**The task**
Write the lines out again, from the top of the material to the line containing "关于师父到底是什么动物,网上", pictures excluded.

**Input for this task**
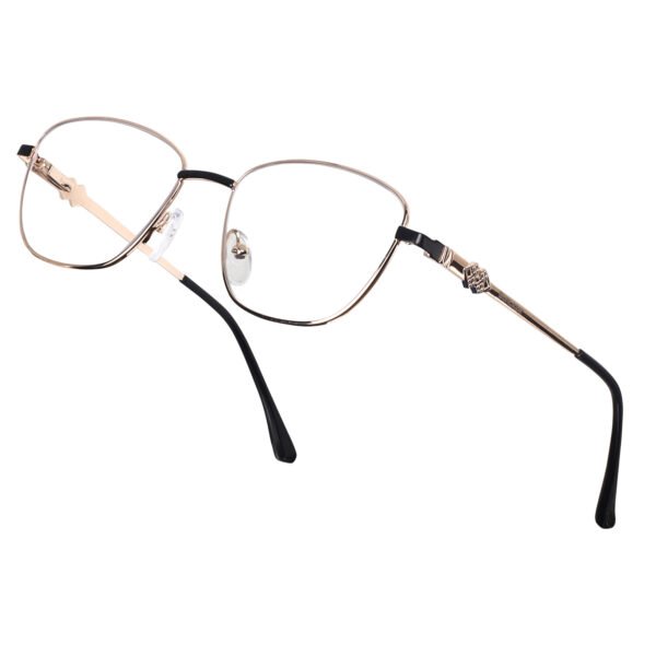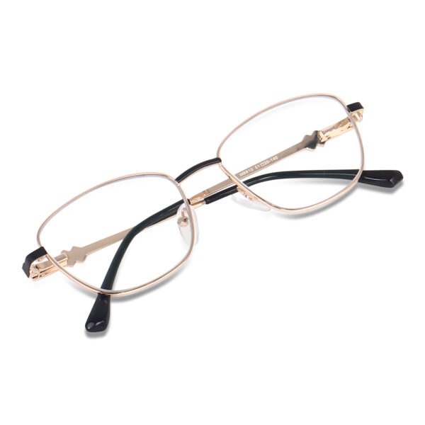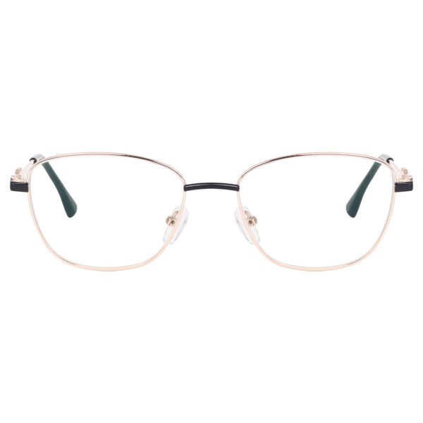 The lightweight metal construction ensures all-day comfort, while adjustable nose pads provide a secure and personalized fit. Finished in a premium gold tone with contrasting temple tips, this frame complements both formal and casual outfits effortlessly.
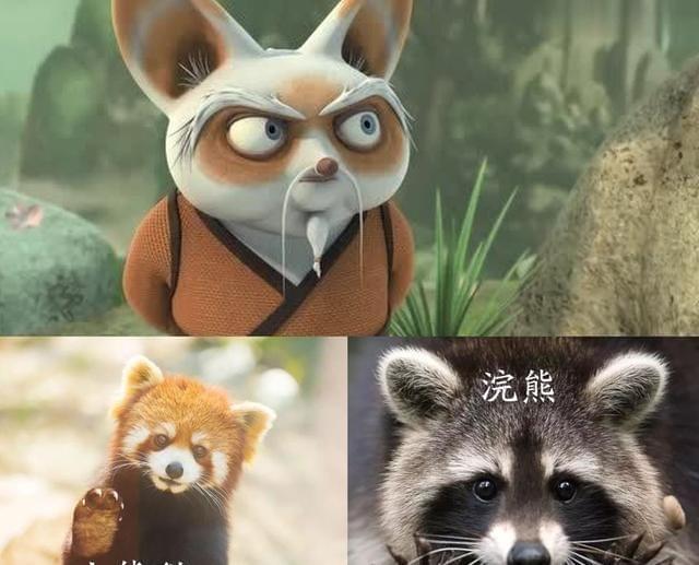 关于师父到底是什么动物,网上争议也很大,有说是浣熊的,也有说是小熊猫的。从耳朵的形状以及眼影来看,还是更像小熊猫,毕竟要跟大熊猫组队,小熊猫比较合适,小浣熊还是去做干脆面吧。
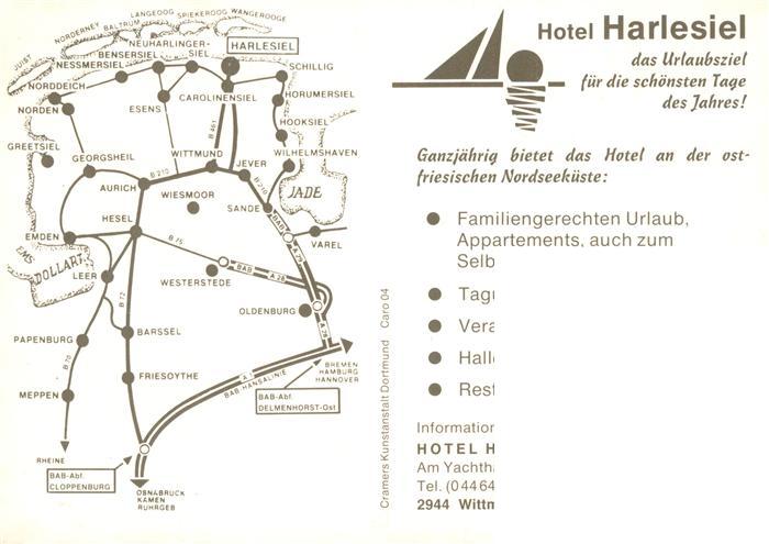 73875904 Harlesiel Hotel Harlesiel Restaurant Kegelbahn Yachthafen postalisch nicht gelaufen Werbekarte (keine Postkarte) Erhaltung siehe scans [FriedD77] KatCode: 11110003462019
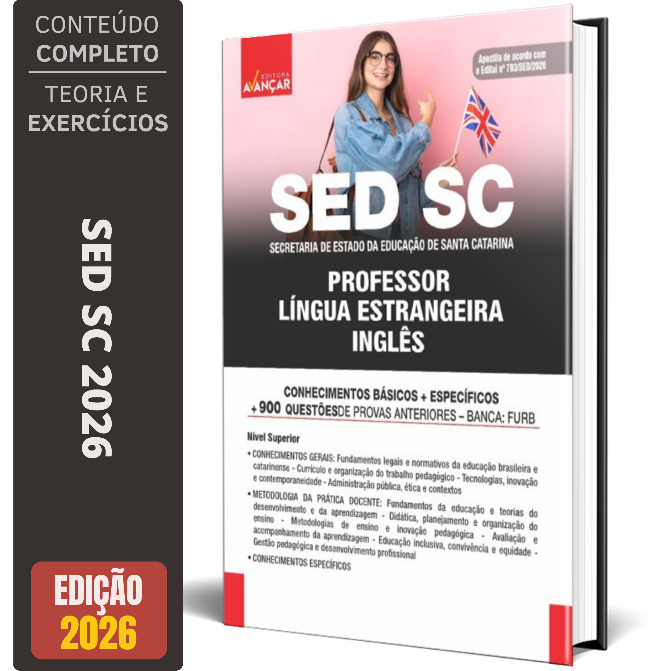 A Apostila para Professor – Inglês do concurso SED SC 2026 foi rigorosamente elaborada conforme o edital, o que torna o seu conteúdo completo e atualizado.
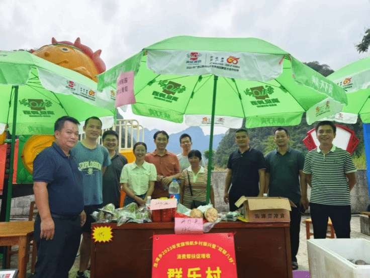 張偉(左三)同村“兩委”干部及駐村工作隊員參加龍灣鄉2023年黨旗領航鄉村振興暨“雙聯八號”消費幫扶活動
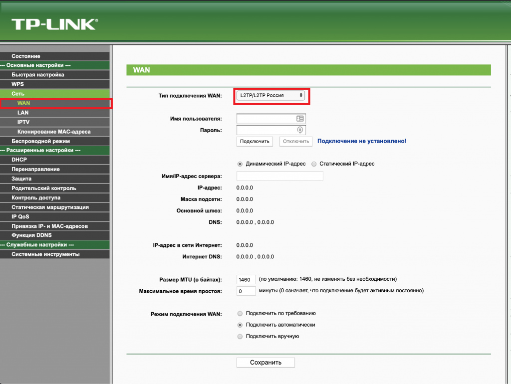 В открывшемся окне необходимо выбрать тип протокола L2TP:
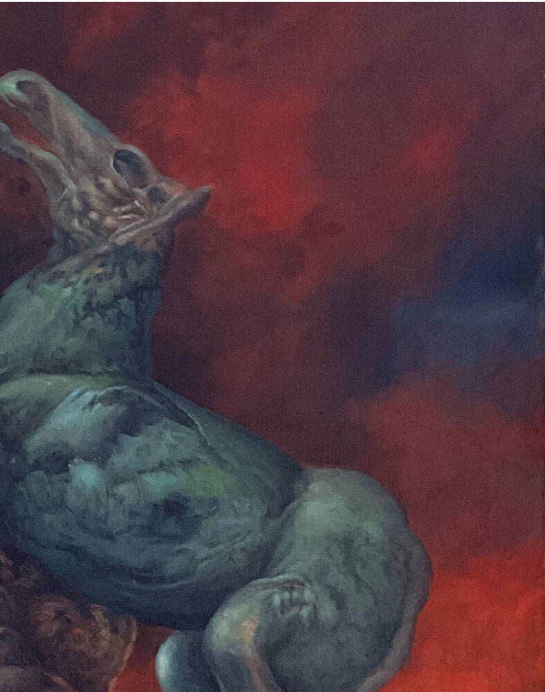 National Epitaph stages a crumbling monument to a nation’s unresolved traumas. Inspired by the recent riots in Serbia, represented in my own visaul language. The sculpture is fractured, overrun with indistinguishable organic matter and skull-like forms, swallowed by the very land it was built to glorify. This ruin does not commemorate glory, but instead mourns the cyclical violence and ideological decay that plague post-conflict societies. National Epitaph stages a crumbling monument to a nation’s unresolved traumas.
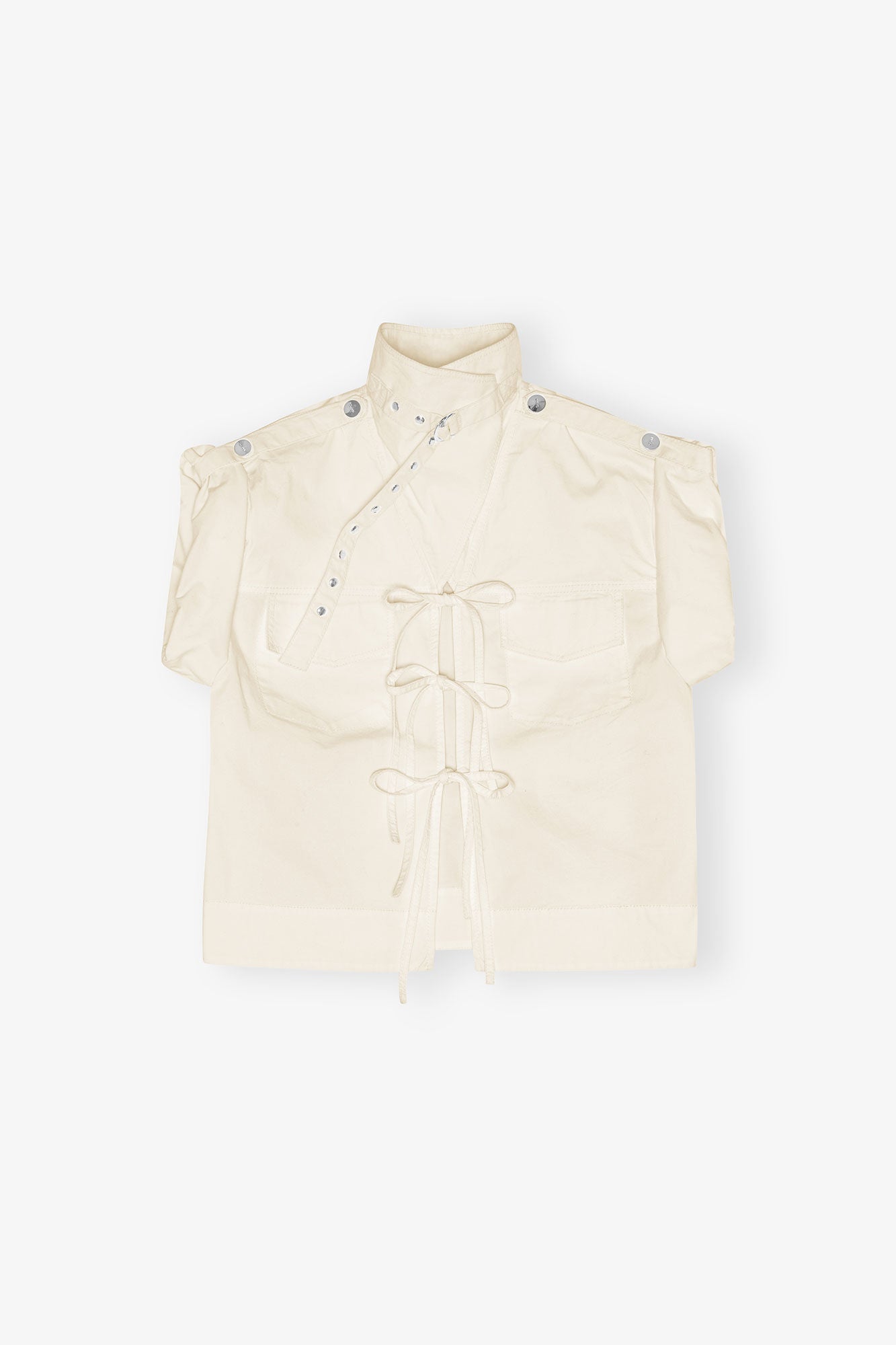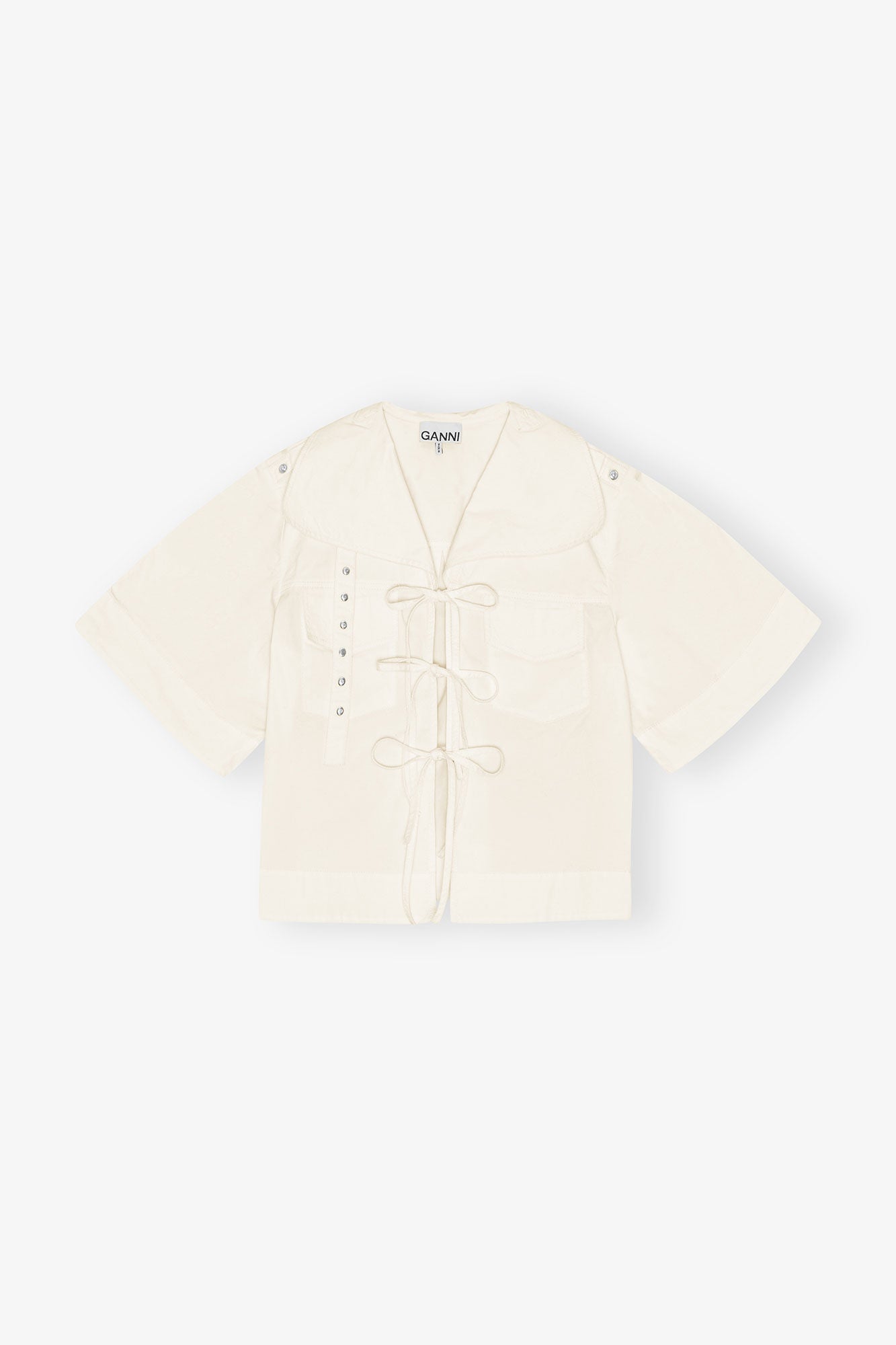This blouse features a large collar, deep v-neckline with three tie bands at the front and button shoulder details. The blouse has short adjustable sleeves and two front pockets.

**Written solution**
 The lightweight metal construction ensures all-day comfort, while adjustable nose pads provide a secure and personalized fit. Finished in a premium gold tone with contrasting temple tips, this frame complements both formal and casual outfits effortlessly.
 关于师父到底是什么动物,网上争议也很大,有说是浣熊的,也有说是小熊猫的。从耳朵的形状以及眼影来看,还是更像小熊猫,毕竟要跟大熊猫组队,小熊猫比较合适,小浣熊还是去做干脆面吧。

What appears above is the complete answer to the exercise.